**** Information shown

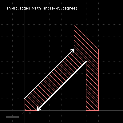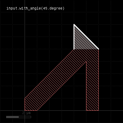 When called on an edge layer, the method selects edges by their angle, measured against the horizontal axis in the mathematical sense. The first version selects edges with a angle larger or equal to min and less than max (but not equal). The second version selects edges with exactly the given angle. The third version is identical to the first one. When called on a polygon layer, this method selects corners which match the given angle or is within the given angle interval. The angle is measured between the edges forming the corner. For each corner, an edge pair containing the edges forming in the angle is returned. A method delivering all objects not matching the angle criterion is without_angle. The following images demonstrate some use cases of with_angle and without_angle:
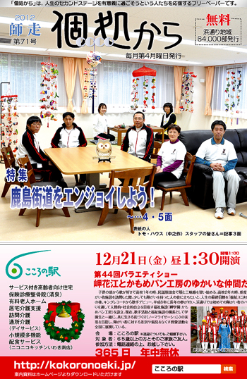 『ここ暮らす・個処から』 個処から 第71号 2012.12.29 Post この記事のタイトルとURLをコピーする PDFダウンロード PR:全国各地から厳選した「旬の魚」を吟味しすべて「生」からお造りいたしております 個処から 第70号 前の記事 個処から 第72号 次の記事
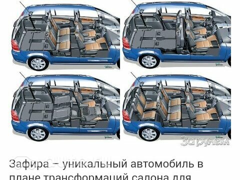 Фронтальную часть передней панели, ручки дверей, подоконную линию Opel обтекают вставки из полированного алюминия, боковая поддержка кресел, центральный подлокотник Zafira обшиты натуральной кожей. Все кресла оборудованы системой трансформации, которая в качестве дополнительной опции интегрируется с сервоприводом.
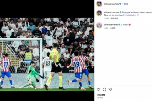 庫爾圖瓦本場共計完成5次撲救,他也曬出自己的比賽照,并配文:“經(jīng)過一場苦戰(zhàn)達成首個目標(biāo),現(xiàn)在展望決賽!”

********

*Task statement*
In the copy, omit the pictures and give every line of the data exactly.

*Result of the exercise*
 When called on an edge layer, the method selects edges by their angle, measured against the horizontal axis in the mathematical sense. The first version selects edges with a angle larger or equal to min and less than max (but not equal). The second version selects edges with exactly the given angle. The third version is identical to the first one. When called on a polygon layer, this method selects corners which match the given angle or is within the given angle interval. The angle is measured between the edges forming the corner. For each corner, an edge pair containing the edges forming in the angle is returned. A method delivering all objects not matching the angle criterion is without_angle. The following images demonstrate some use cases of with_angle and without_angle:
 『ここ暮らす・個処から』 個処から 第71号 2012.12.29 Post この記事のタイトルとURLをコピーする PDFダウンロード PR:全国各地から厳選した「旬の魚」を吟味しすべて「生」からお造りいたしております 個処から 第70号 前の記事 個処から 第72号 次の記事
 Фронтальную часть передней панели, ручки дверей, подоконную линию Opel обтекают вставки из полированного алюминия, боковая поддержка кресел, центральный подлокотник Zafira обшиты натуральной кожей. Все кресла оборудованы системой трансформации, которая в качестве дополнительной опции интегрируется с сервоприводом.
 庫爾圖瓦本場共計完成5次撲救,他也曬出自己的比賽照,并配文:“經(jīng)過一場苦戰(zhàn)達成首個目標(biāo),現(xiàn)在展望決賽!”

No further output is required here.